В этот момент вернулись наши люди. Люба, войдя в комнату, ахнула. Да и как тут не ахнешь! Во-первых, на полу валяется помятый абажур, а во-вторых, царь в крови.
– Фарик, Фарик! – заголосила девушка. – Что с тобой? Тебя собаки обидели?
«Ну, начинается! Люба, Любушка, что с тобой? Мы что, первый день вместе живем? Кому он нужен, твой Фарик?»
Это ж надо так исковеркать имя коту. Фарик! Ой, Люба-Люба! Вот назвал бы так в свое время кто-либо настоящего фараона, сколько бы рабов за такое оскорбление полегло бы. А тут Фарик!
– Что случилось? – спрашивает вошедший следом Владимир Петрович.
– Ой, – голосит Люба, – пока и сама не пойму. – То ли подрались они тут, то ли… Ой, кровь на шее у Фарика…
– Кровь? – недоумевает Петрович и обращается к нам с Фуку: – Вы чего, ребята, тут не поделили?
Я сурово взглянул на нашего кота-электрика.
– Ты чего стоишь качаешься, как моряк на палубе? – спрашиваю у Фарика. – Ты видишь, нас сейчас еще обвинят, что мы тут тебе чуть горло не перегрызли.
– Трисон, – виновато мурчит кот, – ну я же не могу им по-человечески объяснить, что вы меня спасали из этого дурацкого торшера.
– Понятно, что не можешь, так хоть подойди, потрись о нас с Фуку, покажи, что у нас тут все мирно, без драки и кровопусканий.
В конце концов Любаша все-таки разобралась. Увидев, как царь ходит и своим холопам поклоны бьет, да еще и обнаружив в «петле» клочки шерсти, она догадалась, что мы спасли ее любимца.

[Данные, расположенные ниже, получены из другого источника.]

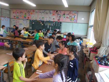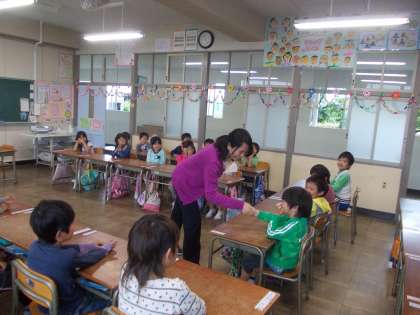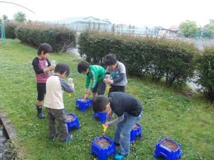 英語の勉強 楽しいね 【5月10日(火)1年生】 公開日 2016/05/10 更新日 2016/05/10 1年 今日は、初めての英語活動がありました。先生の自己紹介を聞いて、たくさん質問していました。 3枚目の写真は、朝顔の種まきをしているところです。大きくなるようにと願いを込めて水をやりました。
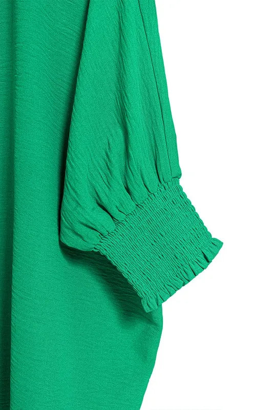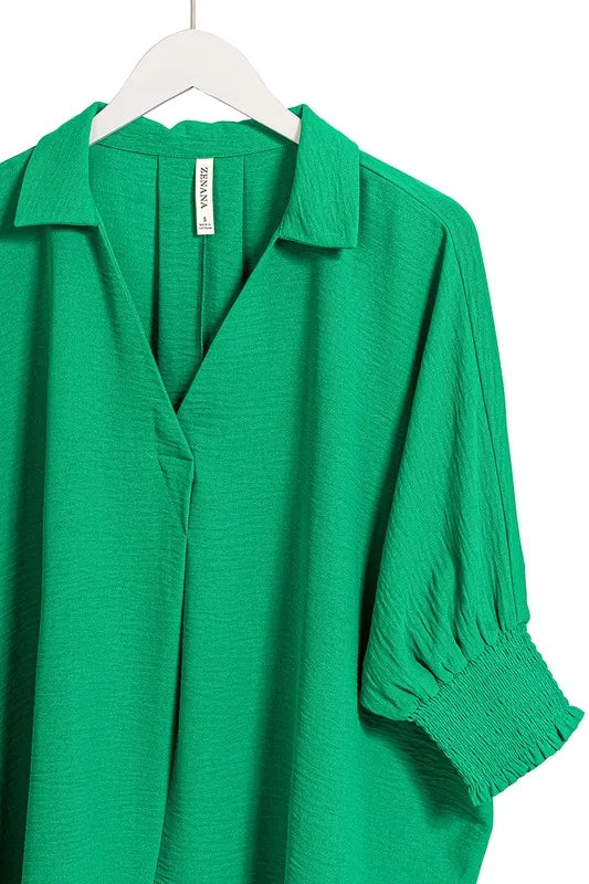 Zenana Airflow Collar Tee with Smocked Sleeve Band Top
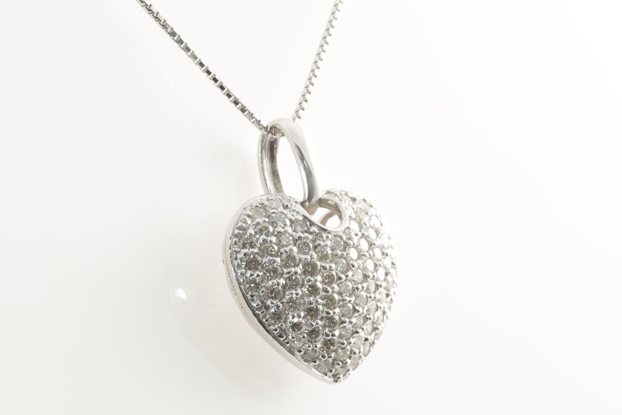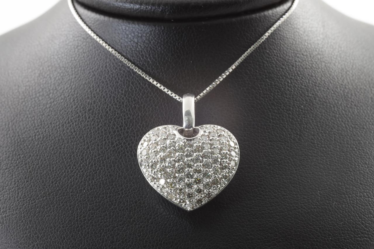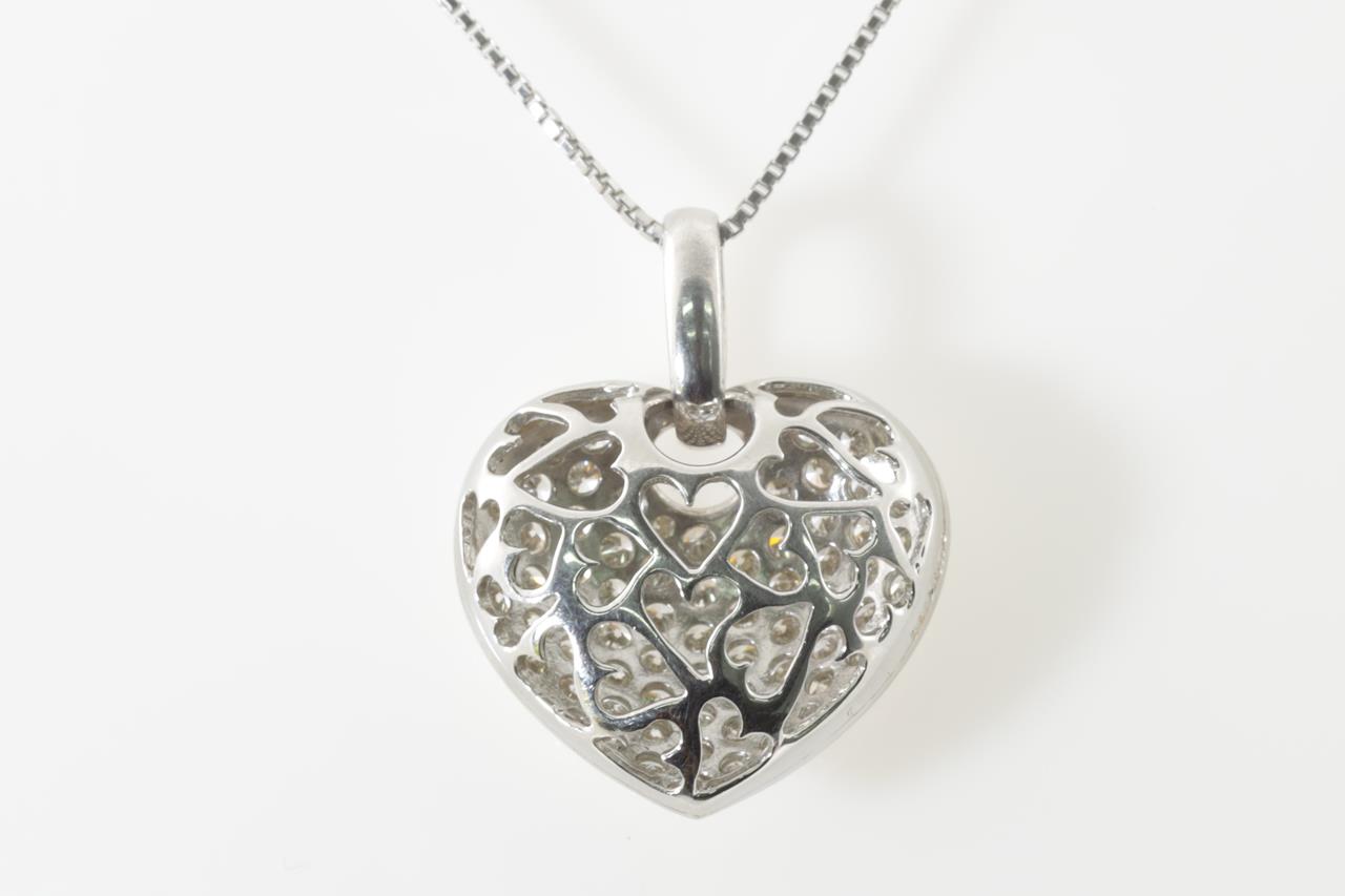 Diamond heart shape pendant with round Diamonds totalling 2.00cts (Estimated grading: H SI). Platinum with adjustable 45cm chain. Weight: 12g. (Pre-owned)
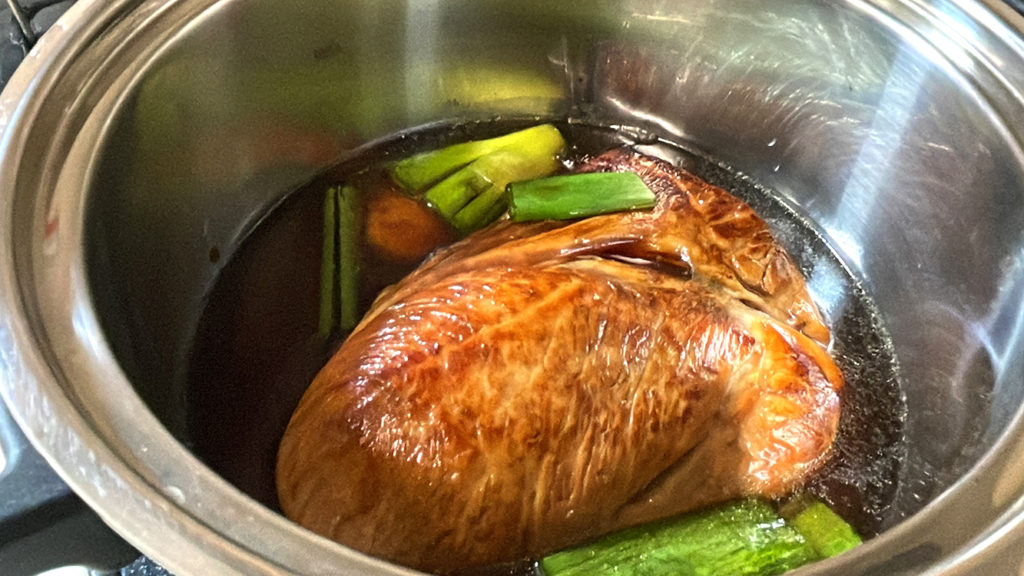 - 圧力鍋に水と肉の漬け汁を入れ、火にかけます。

Слава богу, все закончилось хорошо. Вы, наверное, думаете, Фараон до сих пор нам с Фуку кланяется? Как бы не так! Уже на следующий день ходил по квартире и поглядывал на нас таким взглядом, словно мы у него три пирамиды стырили. Нет, коты неисправимы. Сколько ни делай им добра, они все равно будут считать тебя рабом. Натура у них такая. Но, признаюсь, мы с Фукусимой все равно любили своего египтянина и тайком назвали его «нашим спасенным Фариком».
А у Владимира Петровича есть один приятель, Кузьмой его зовут, который утверждает, что самый лучший друг – это кот. Я все раньше думал, почему он так считает? И вот однажды приятель раскрыл свой секрет. Петрович потребовал:
– Кузьма, говори, почему ты называешь своего кота лучшим другом?
После ответа Кузьмы и Владимир Петрович, и Любаша долго смеялись.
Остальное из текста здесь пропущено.